25.11.2021 New Study: The Effect of Islamic Revolution and War on Income Inequality in Iran

In a new working paper, Mohammad Reza Farzanegan & Mohammad Ali Kadivar, examine and estimate the joint effect of Islamic Revolution of 1979 and subsequent war with Iraq (1980-88) on income inequality in Iran. This is the first study which estimates the impact of conflict and regime change by using synthetic control method for the case of Iran.

Abstract

Existing research has pointed to the decreasing effect of revolutions and wars on income inequality. It is unclear whether this reduction is the result of ongoing changes within countries before revolutions and wars or if the results are standalone effects. In this study, we focus on the case of the Iranian Revolution of 1979 and the subsequent Iran-Iraq war from 1980 to 1988. We use the synthetic control method to study the effect of revolution and war on changes in income inequality levels. Had there been no revolution and war in Iran, how would income inequality have developed? Utilizing the synthetic control method, we created a counterfactual Iran that reproduces the socioeconomic characteristics of Iran before the Islamic revolution.
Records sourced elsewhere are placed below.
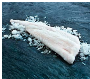
Cod Fillets Light Salted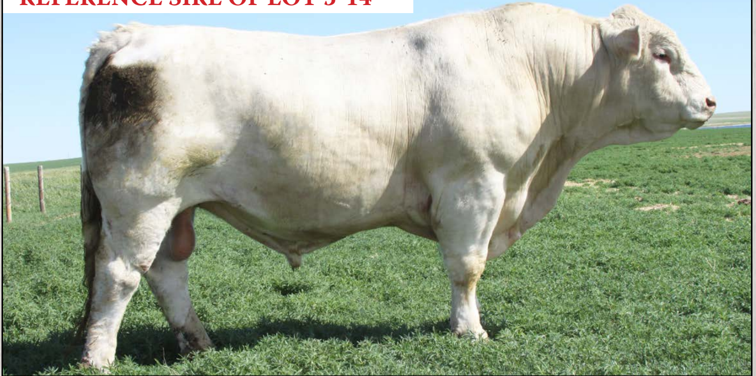
CML EXACTA 514C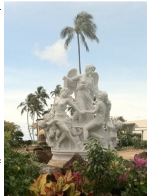
No Hawaiian sense-of-place

Though not a big problem in Kahala, the nuisance bills would also include "abandoned, wrecked, or dismantled motor vehicles or boats; automotive parts and equipment, appliances and furniture; containers, packing materials, scrap metal, wood, building materials, concrete masonry, litter, garbage, junk, rubbish, and debris; sand, gravel or concrete on property; standing or stagnant water allowing vermin and insects to breed; attracting and providing a place of temporary abode to vagrants, interlopers, or trespassers."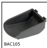
BAC105 Storage bin, 8mm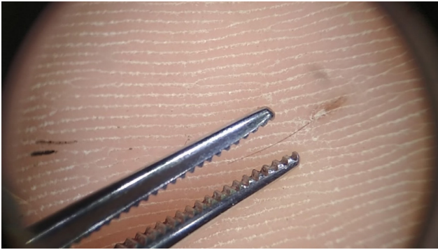
Figure 2. Introducing forceps between the dermoscope and the skin to grasp hair under vision.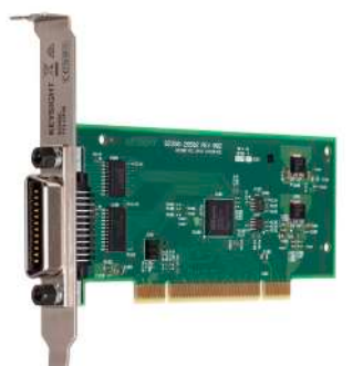
82350C with standard profile bracket

The 82350C interface card is fully compatible with IEEE-488 control and communication standard, de-couples GPIB transfers from PCI bus transfers. Buffering provides I/O and system performance that is superior to direct memory access (DMA). The hardware is software configurable and compatible with the plug-and-play standard for easy installation. The GPIB interface card offers high flexibility to plug into standard or low profile PC with a bracket change.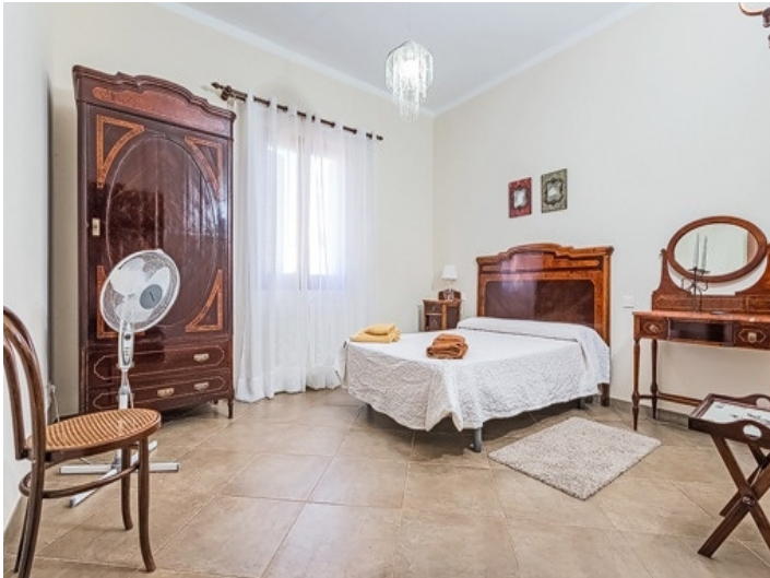
One of six bedrooms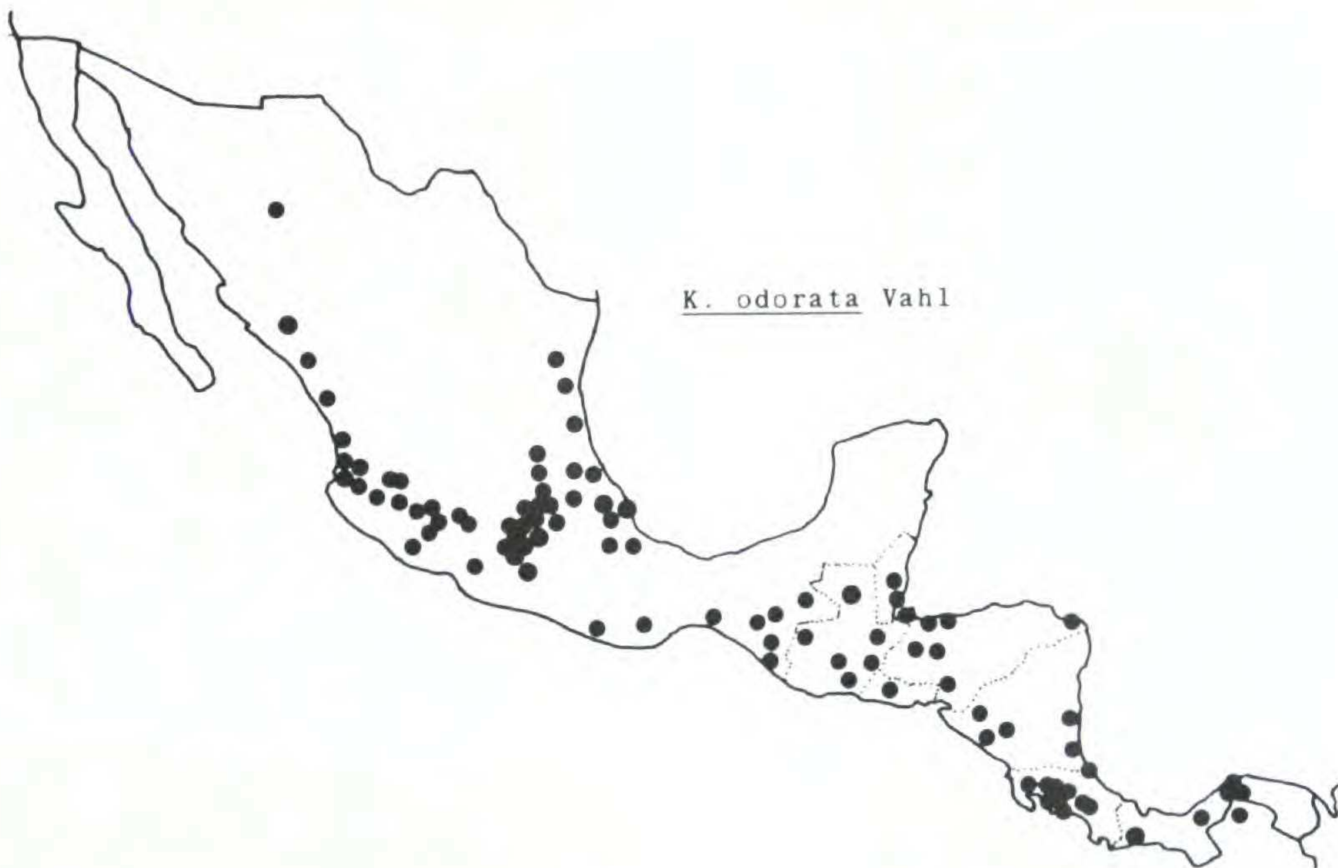
Figure 2. Distribution of K. odorata in Mexico and Central America.

Spikelets (50) 75–150, ovate to ovate-lanceolate, whitish, (1.8) 2.3–2.8 (3.6) mm long, 1–1.3 mm wide. Scales broadly ovate, 2–2.5 mm long, (1.2) 1.8–2.6 mm wide, whitish, often red-speckled, mucronate, the apex often excurved, (5) 7 (9) nerved, the keel smooth or with 1–6 spinulose prickles in the distal half, whitish to greenish. Stamens 2; anthers (0.4) 0.6–0.8 (1.0) mm long, linear; filaments 2–2.4 mm long. Styles 0.6–1 mm long; stigmatic branches 2, 0.3–0.6 mm long. Achenes lenticular, oblong-ovate, 1.2–1.5 mm long, 0.7–0.8 (0.9) mm wide, apex broadly rounded to subtruncate, apiculate, the stipitate base 0.1–0.2 mm long, about 0.2 mm wide, surface papillose, reddish brown to dark brown, strongly contrasting with the whitish base and apiculus.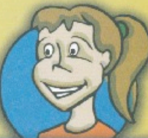
TWO WAYS OUT SCOUT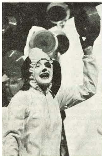
Inspired by the Peanuts character Snoopy, Zeta Rho and TNT show that "It's A Dog's Life."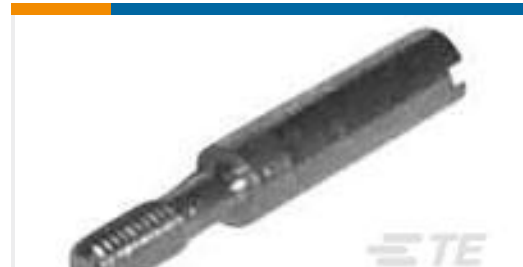
TE Part #1-1106100-1 SPB-M3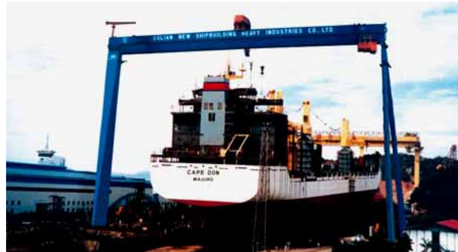
Gantry crane for shipbuilding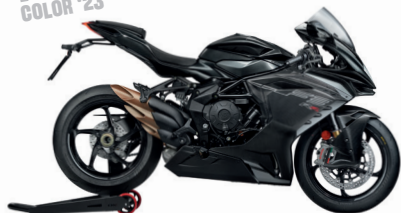
NERO CARBON METALLIZZATO/ GRIGIO SCURO METALLIZZATO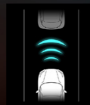
Intelligent Cruise Assist

For more information, please visit your local MG dealer.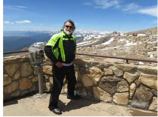
Van at the viewpoint on Mt. Evans

Our evening destination was a sweet <u>Airbnb</u> in <u>Silverthorne</u>. Having spent time in the area, he took us on a "refresher" tour around the spectacular <u>Dillon Reservoir</u>.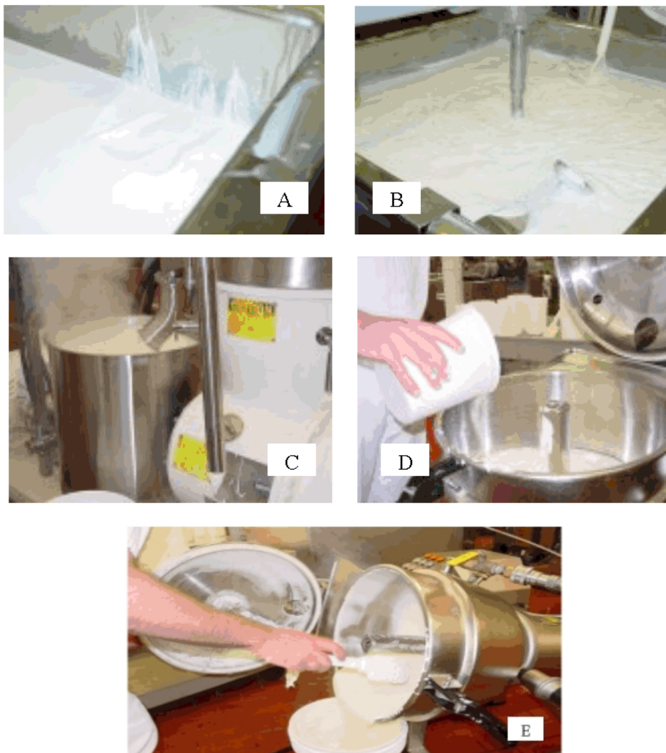
Figure 2. Cream cheese processing steps

A) Acidified milk gel at pH 4.7-4.8; B) Stirring and heating to get ready for whey separation step; C) Whey separation by centrifugal cream cheese separator; D) Mixing with salt and stabilizer and shearing; E) Hot-pack cream cheese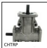
CHTRP Single and dual output gearboxes, Up to 9,1 Nm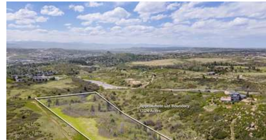
SE Plum Creek Parkway Castle Rock CO 80104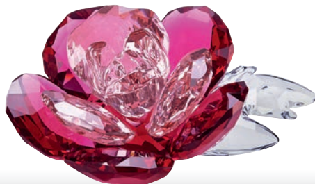
»PEONY« This flower represents wellbeing, security, and motherly love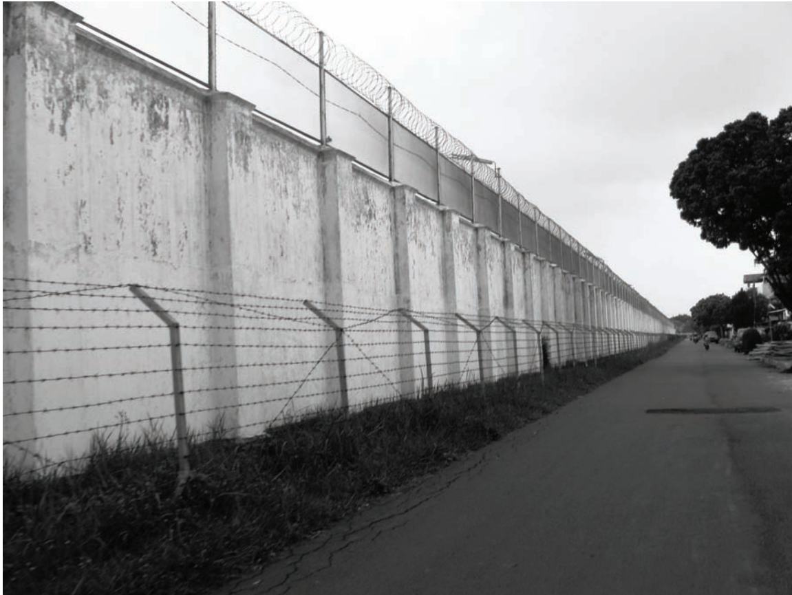
Lowokwaru prison in Malang, East Java, where six RMS political prisoners are currently imprisoned. Prisoners are not provided with safe drinking water and instead must drink unhealthy prison tap water. Some still suffer from health problems caused by police beatings during interrogations in Ambon in 2007.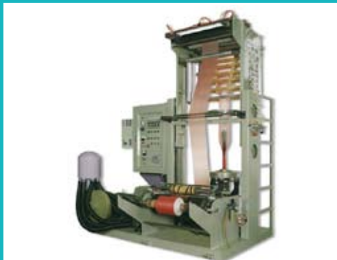
LDPE - HDPE - LLDPE Inflation Tubular Film Manufacturing Machine

Blown tubular film machine HDPE LD/LLDPE high speed PIT series. HDPE LD/LLDPE mini machine DMB series. PP bag making machine PP series. Plastic waste Recycling machine PHR-65EN - PHR-150EN PNR Series (for scraps and film, \phi 65 - \phi 150m/m ). PNR-SF Series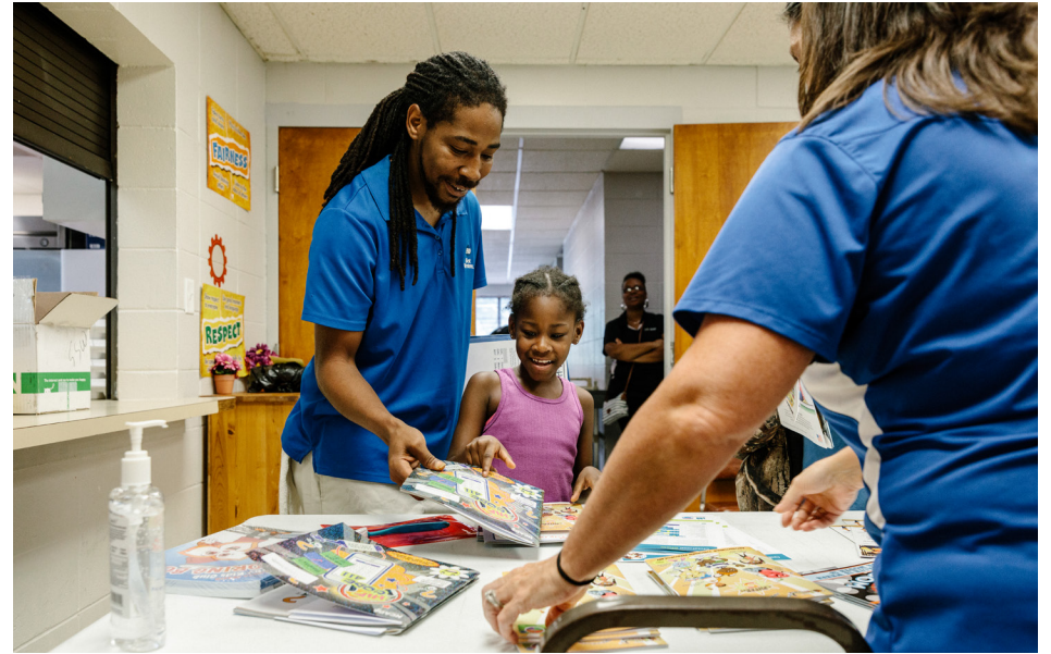
Vicksburg, MS, 2017 Prize Community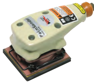
Order Code: SP-929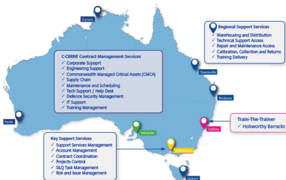
Babcock's support solution for the C-CBRNE capability

Babcock will provide support to the Commonwealth through our Melbourne office. This will be augmented through the company's Regional Support Centre in Adelaide and services across Australia.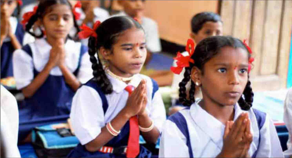
Personality Development Camps for members (107boys and 115 girls) of Children Clubs to participate in various activities like organizing Child Rights rallies, awareness campaigns against child labor and HIV/AIDS, Independence Day and Republic Celebrations at the school, essay writing contest, drawing contest, annual winter sports function thus developing their confidence, leadership qualities and make them stake holders in their development process.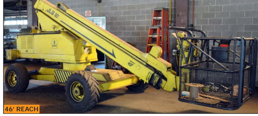
JLG 40FR straight boom lift

This brochure is only a partial listing. PLEASE VISIT OUR WEBSITE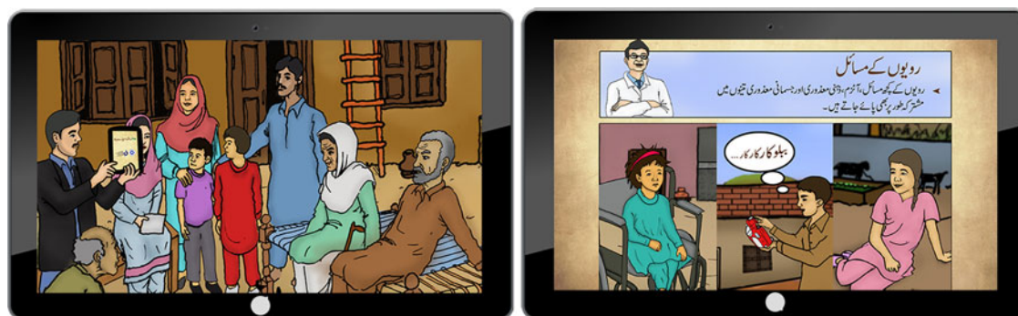
Fig. 2. Avatar-Assisted Cascade Training (ACT).

The champion family volunteers will be supervised by the trainers, who will be supervised by the master trainers on monthly basis. The fidelity of program delivery will be established by the master trainers by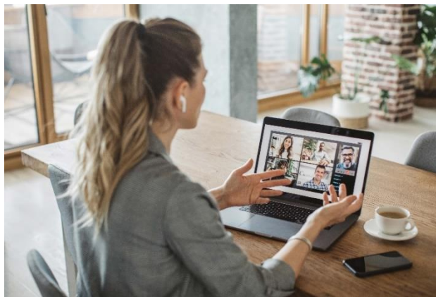
Digital.alive.

The first study in the German-speaking world on interaction in virtual meetings - COME-Cooperative Meetings - shows that virtual communication needs more than functional technology. It requires conscious design, mindfulness and the willingness to break old patterns. We are still at the beginning of learning how real encounters in the digital space - beyond monologues, distractions and fatigue.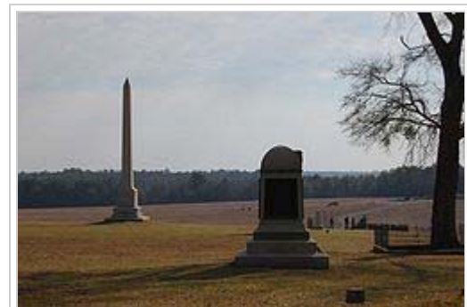
Some of the monuments at Andersonville.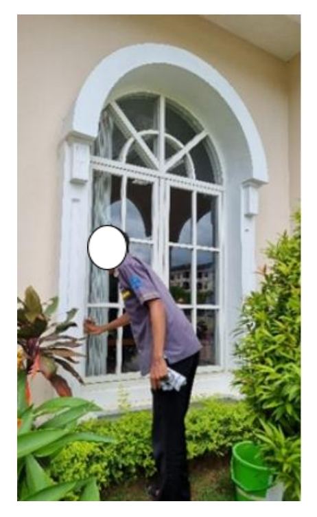
Figure 3. Wiping the window activity

These activities are shown in Figures 2 and 3, potentially can cause muscle injury due to non-ergonomic work postures. These activities repeatedly are done every day for six days a week. These repetitive motions need bending, twisting, and bowing movements. Further, these movements involve excessive muscle work because it needs to be more ergonomic.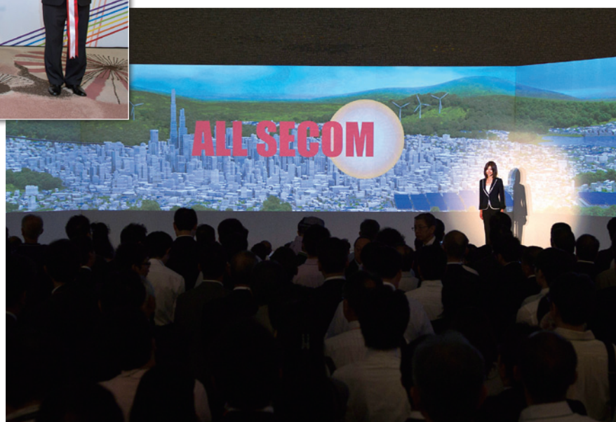
Presentation on SECOM's projections for security services in the near future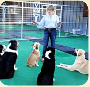
"Who's the Boss? She is!"

Then we compare the income inequality of the counterfactual Iran, without the revolution and war, to the factual Iran with a new political regime, for the period of 1970-1988. Our results, based on two different indicators of Iran’s Gini, show a statistically significant effect of the revolution and war on reducing income inequality. Over the entire 1979–1988 period, on average and per year, the Gini index of Iran was reduced by approximately 3 times of the standard deviation of this index. The main findings are robust to a series of placebo tests.

The pre-print version of this study is available under CESifo Working Paper No. 9428: https://www.cesifo.org/node/66537

Citation: Farzanegan, M.R., Kadivar, M.A., 2021. The Effect of Islamic Revolution and War on Income Inequality in Iran. CESifo Working Paper No. 9428, Munich.